ルシファーは寂しげに笑みを見せた。僕は少しの間考えたが、ようやく頷く。


「分かった……暫くの間、表舞台は僕に任せてくれ……だが……必ず戻ってくるんだろう?」

「……そうだね……君と話しながら考えようかな……迷っていた人々とも、もっと話したいからね」

「そうか……良かった……」

「さぁ、立って……行こうよ」

「……ああ」


僕が椅子から立ち上がると、ルシファーの影の元に歩く。後ろを振り向くと、青い玉座には沢山の青い薔薇が咲き誇っていたが、僕が離れた途端にどの薔薇も枯れていった……

青い玉座は主を失ってしまい、その輝きを失った。

僕が呆然と玉座を眺めていると、影になったルシファーは僕の肩に手を置いた。


「……行こう」

「……この玉座を見つける人が……いつかここに来るんだな……」

「うん……そうだね……」


僕たちは枯れてしまった青い玉座を眺めた。暫くの間眺めていたが、前を向いて僕たちは手を繋いで歩き出した。もう振り向くことはしなかった……

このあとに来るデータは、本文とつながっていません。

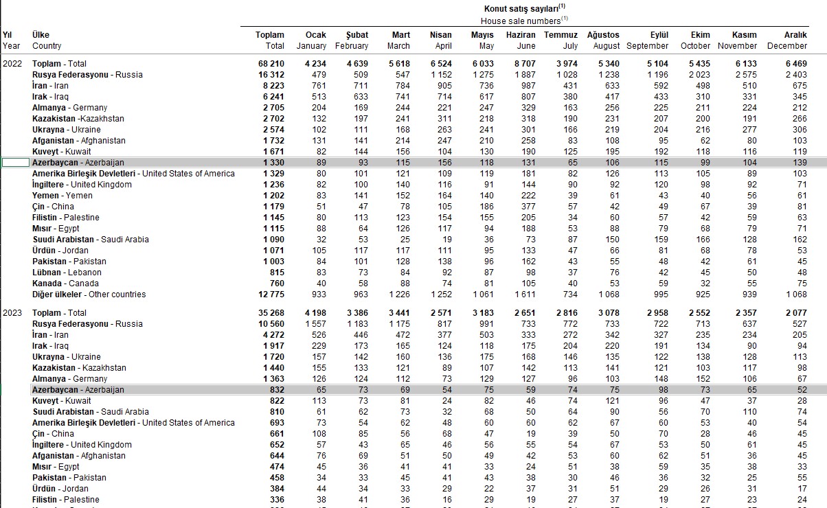 2023-cü ilin 12 ayı ərzində (yanvar-dekabr) Azərbaycan vətəndaşları Türkiyədə 832 ev alıblar. Bu say 2022-ci ildə 1330 ev idi. Beləlikə, azərbaycanlılar Türkiyədə 59,8% daha az ev alıblar.
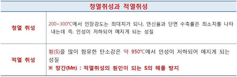 ❸ 청열 취성 ④ 탄소강 충격값

暫く白い世界を歩くと僕たちは晴天の空の中、穏やかな船着き場に立っていた。

一本の青い道が遠くの方までつながっており、遠くの方に大きな船が見える。


「ここは……何処だ?」

「僕の世界だ……」

「……そうか……そうだったな」


僕は僕の影に話しかけた。僕は晴天の中青い道を進んでいく。再び歩き出そうとすると、後ろに気配を感じて僕は自然と振り向いた。

後ろには闇の創造主は静かな笑みで佇んでいる。


「……闇の創造主」

「やぁ、ルシファー……一体になったみたいだね。ここはおめでとうと言うべきかな」

「今度は、何をしに来たんだ?」

「影でこそこそしてる奴に、挨拶しにきたんだよ」


闇の創造主は苦々し気な表情をしてから、僕の影を指差した。僕の影は揺らめいて、影の姿のルシファーに変わる。

闇の創造主はルシファーの影に向かって吐き捨てた。


「一体どういうつもりだ?」

「僕は影になった。それだけだよ」

「……影だって?ふざけるのも大概にしろよ」


闇の創造主はルシファーの影の直ぐ傍までやってきて、睨みつける。何故急に闇の創造主は怒ったのだろうか。僕は闇の創造主に目を合わせる。


「聞かされてなかったのか?」

「僕が知らないことはない……これすらも決まっている。だけどな、一言言ってやりたかったんだよ。ひそひそと潜んでいても何にもならないってな」

「……創造主は暫く天界で考えたいらしい。だから僕に……」

「はっ!そんなの押し付けじゃないか。君もそう思うだろ?」


闇の創造主は光の創造主が影になったことに苛立ったらしい。片足をトントンと地面に叩きつけて、舌打ちをして見せる。


「あー馬鹿らしい……馬鹿らしいよ、本当に……今度は闇の僕の真似事でもしようって?あー馬鹿らしい」

「闇の創造主の?」

「影になるってことはそういうことだ。表舞台は君が立ち、裏からずっと見ている立ち位置になろうとしてんだよ、こいつはな!」


闇の創造主は眉を顰めたが、光の創造主は何も言わなかった。闇の創造主はチッと舌打ちをしてから、僕の方を見つめる。


「ふーん、エバを連れて行くことに文句でも言いたそうだね?」

「……彼女を解放する気はないのか?」

「解放?彼女が拘束を望んでいるのに?あー馬鹿みたいだ」

「……エバを呪ったのは、貴方か?」

「呪い?あはははは!!!そんなに僕のせいにしたいなら、そうすればいいさ。僕はこれ以上は、何も言わない。ただでさえイラついてるってのに……」

「何をそんなにイライラしてるんだ?」


僕が聞くと、闇の創造主は目を細めてからもう一度影になったルシファーを見つめた。


「こいつだよ……こいつのせいだ……全部な」

「……影になることが、そんなに悪いのか?」

「うん、そうだ!僕の役目をやろうとしてるんだ、こいつは……」

「鏡の世界は……ここで終わりだろう」


はっきりと言うと、影になったルシファーは此方を見てからフッと笑みを見せて口を開く。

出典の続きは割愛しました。